Tokenization’s Real Value Isn’t What You Think
Everyone’s celebrating 24/7 liquidity as the breakthrough benefit of tokenizing real-world assets. And yes, in a world where markets and news cycles never sleep, continuous trading access matters. But if you’re a retail investor cheering loudly right now, history suggests you should be careful what you wish for.

We’ve seen this movie before
I was working at Wellington Management Company when pre-market equity trading first emerged. The pitch was the same: more access, more flexibility, the ability to react in realtime for the individual investor. What actually happened? Professional trading desks with better information, faster systems, and deeper pockets systematically took advantage of the thin, early-hours markets. Retail traders paid the price.
Tokenized assets trading 24/7 will follow the same pattern in the early days. Limited liquidity plus institutional sophistication is a well-worn formula that ends badly for retail. This isn’t a reason to oppose tokenization. But let’s be honest about who benefits first; its the professional desks.
So why am I still excited about tokenization after 8 years in the digital assets industry?
The real value is self-custodied collateral
The genuinely transformative use case for tokenized assets isn’t when you can trade them; it’s what you can do with them when you’re not trading.
The world runs on leverage. Always has. Leverage allows professional risk managers to beat their peers and gather more assets. Leverage allows young families to purchase a home. Leverage exacerbates anything. And leverage requires collateral. Right now, posting collateral is slow, expensive, and limited to a narrow set of recognized assets. Tokenization changes that. Any asset (a slice of real estate, a private credit position, a commodities contract) can become collateral that moves instantly, programmatically, across any lending relationship. This is especially true of natively digital assets that already have liquidity (BTC, ETH, SOL, stables), or those that are less liquid but have trusted oracles for pricing.
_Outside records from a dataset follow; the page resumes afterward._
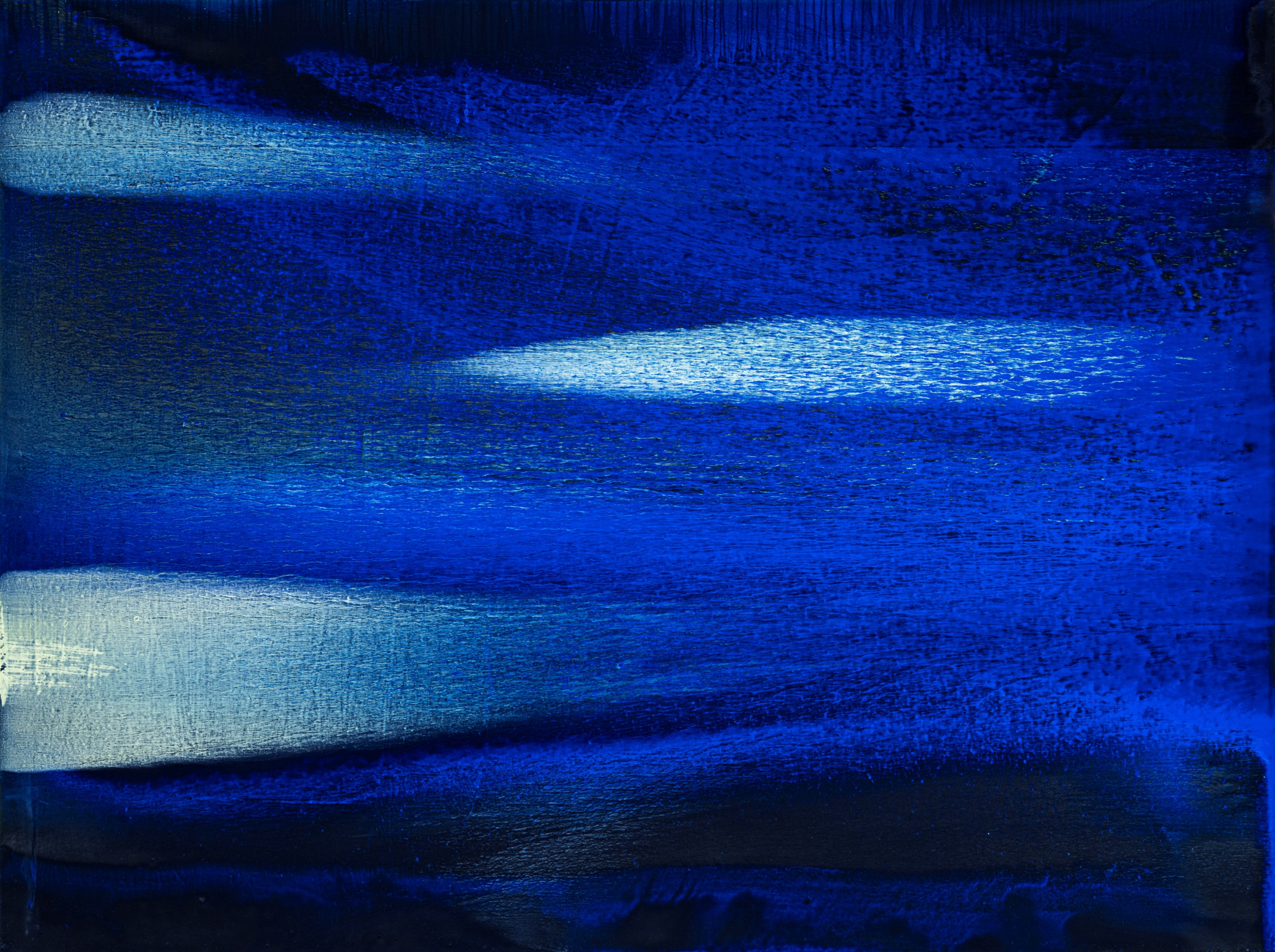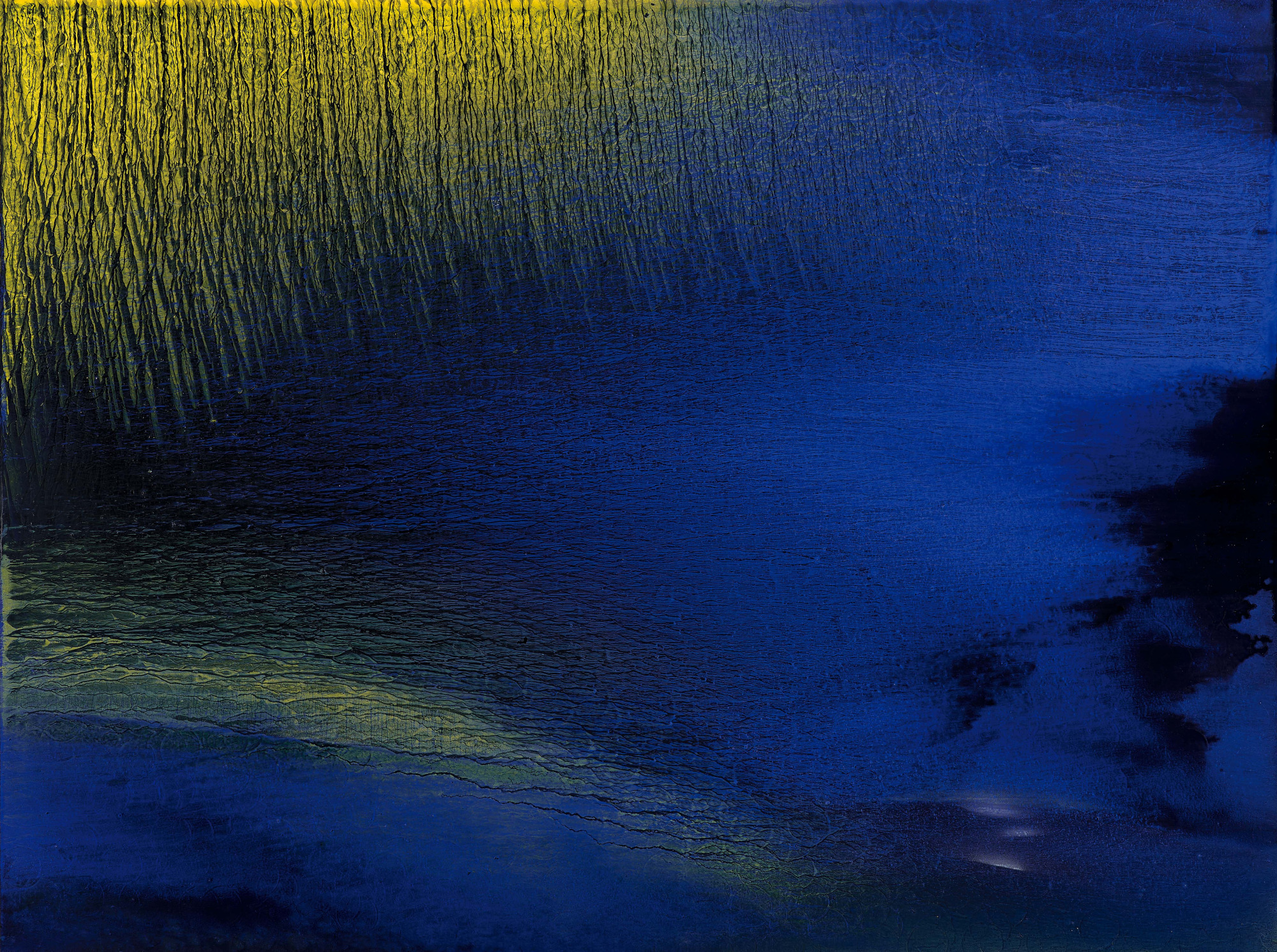 73歲|夜幕低垂,台東的月光靜靜落在水面上,映照出寧靜而深邃的倒影。江賢二讓色彩記錄月光進入夜的瞬間,深藍與金色交織,捕捉月光、水面與時間之間安詳而永恆的呼吸。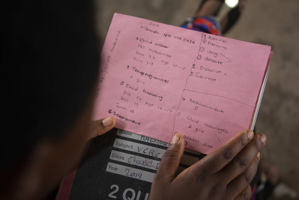 Youth clubs also have regular meetings for adults where they are educated about children's rights and their importance to society. But above all, the young people must be able to find the right arguments and persuade adults during their outreach activities. In their weekly sessions, they therefore train with Alex Mwangosi on how to do this. Right now, they are facing each other in a role play. In a firm voice, Justina quotes the passage on the right to education. She has also learned how to file a missing person's report and is no longer afraid to address authority. "In the beginning, it took a lot for me to overcome. But if we don't help ensure that all children go to school, we won't succeed in fighting poverty. And then the next generation will again send their daughters and sons abroad to work. It's high time to break this cycle."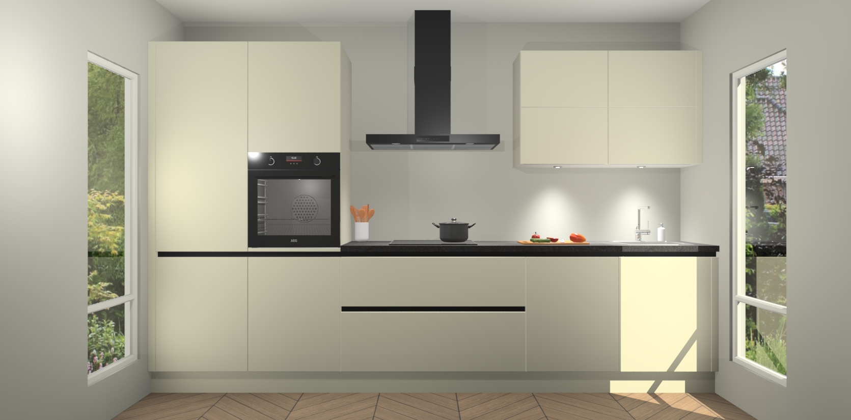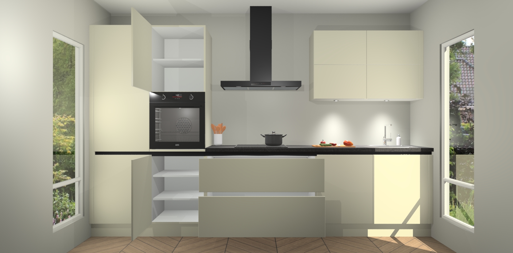 Inclusief plinten, stelpoten en werkblad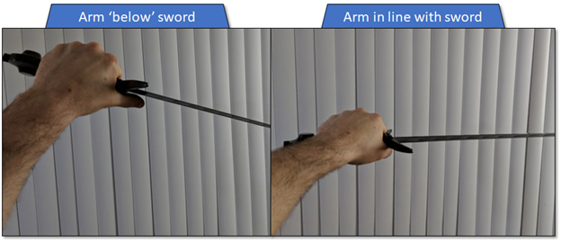 Has the arm below the sword (instead of inline, like a normal horizontal cut)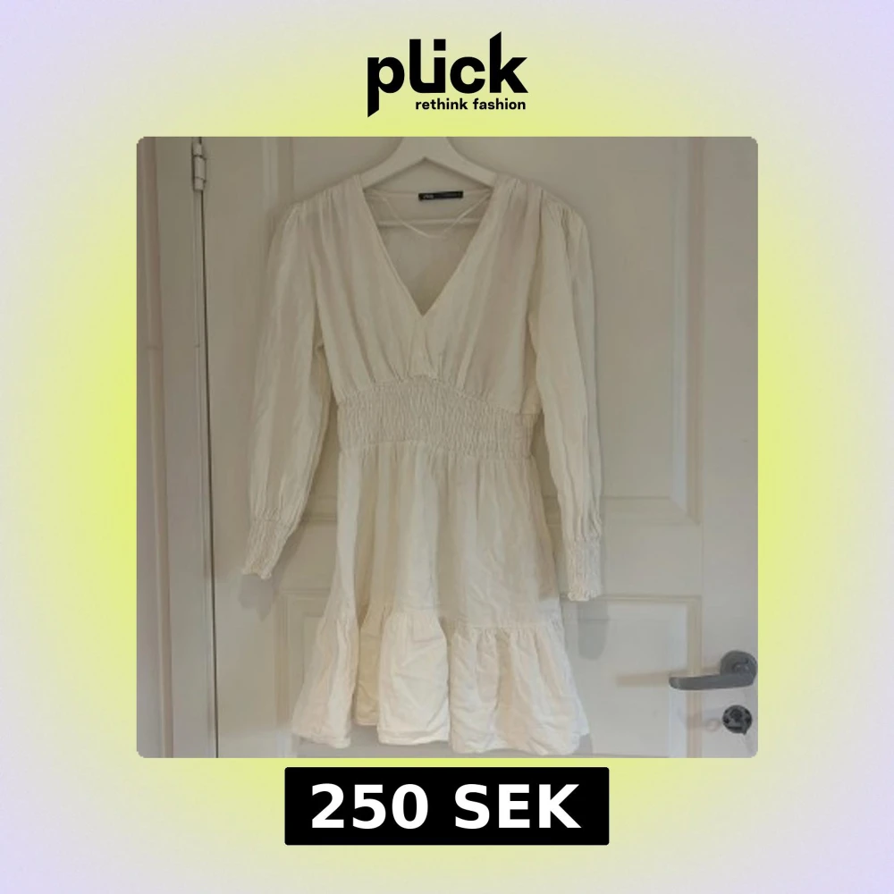 Säljer en söt vit klänning från Zara med v-ringning och långa ärmar. Klänningen har smock i midjan och vid ärmslut samt volang nertill. Perfekt för vår och sommar, enkel att styla med sneakers eller sandaler. Den är i linne. Defekter förekommer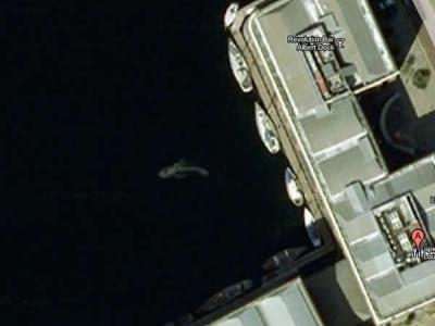 谷歌地球发现英国一个码头出现的神秘海洋生物 英国默西赛德郡利物浦有一名网友S...
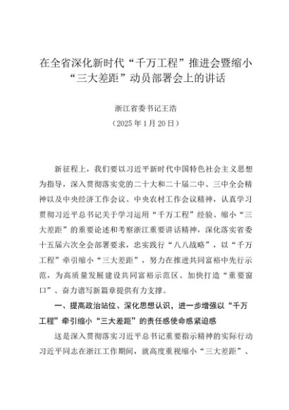 / 领导讲话:20250120在全省深化新时代“千万工程”推进会暨缩小“三大差距”动员部署会上的讲话——浙江省委书记王浩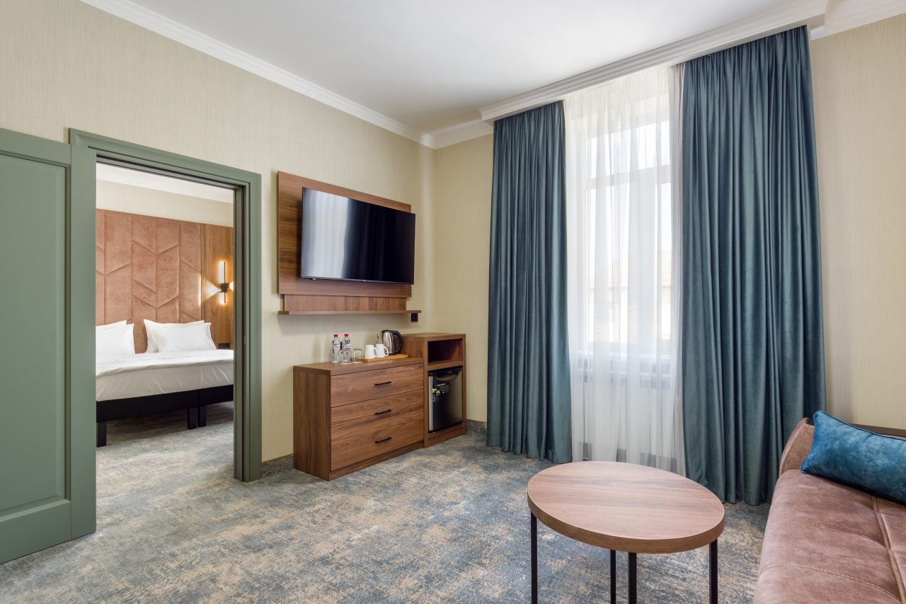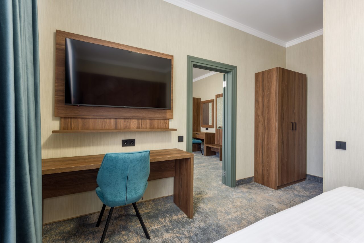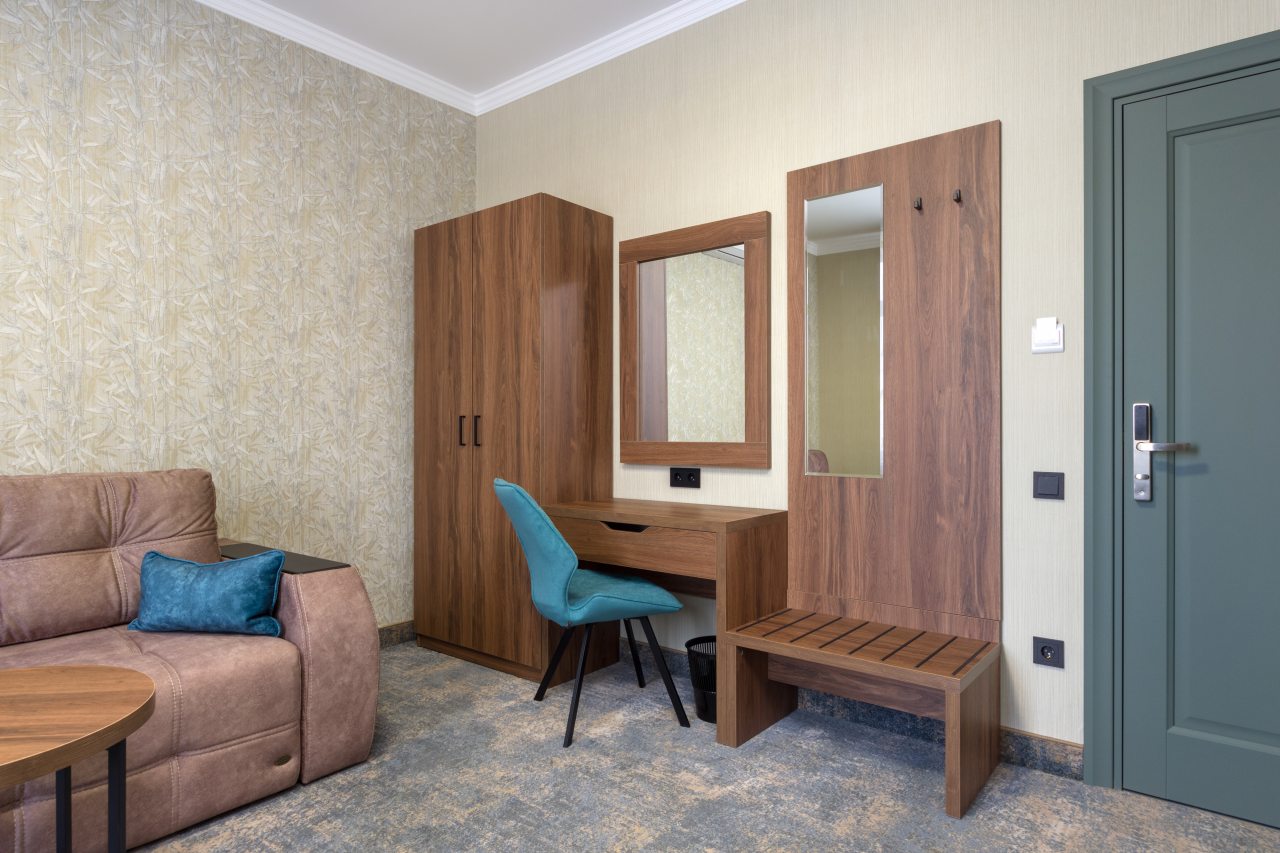 Для размещения гостей предложены категории: «Стандарт», «Люкс», и «Улучшенный». Номера выполнены в роскошном стиле и укомплектованы качественной мебелью, техникой и собственный санузлом с комплектом полотенец.

Traditional lending, structured finance, volatile-market margin facilities, cross-border financing structures, etc. All of these become fundamentally more efficient when the collateral underlying them is tokenized. And beyond what we can model today, the use cases for programmable collateral that haven’t been invented yet are arguably the bigger opportunity. This is what keeps me going.
To Self-Custody, or Not To Self-Custody. That is the Question
Running alongside all of this is a debate that won’t be settled quickly: self-custody versus regulated, insured institutional custody.
Both have merit. Self-custody gives individuals and organizations direct control of their assets and adheres to the early cypherpunk worldview; no intermediary, no counterparty risk, no permission required. Institutional custody offers insurance, compliance infrastructure, and recourse when things go wrong. The right answer isn’t one or the other; it’s having the genuine ability to choose.
As the technology matures, that choice will become more accessible. We’ll see more individuals, companies, and autonomous agents holding tokenized assets directly. The friction that currently pushes most people toward custodied solutions will fall. When it does, the implications for how assets are held, moved, and used as collateral will be significant.
The bottom line
Tokenization is a real structural shift. The technology is in place, the regulations are catching up. But the benefits being marketed most loudly today are the least interesting ones. The durable value is in what happens when every asset can serve as programmable collateral, and when custody of those assets is genuinely a choice, not a constraint.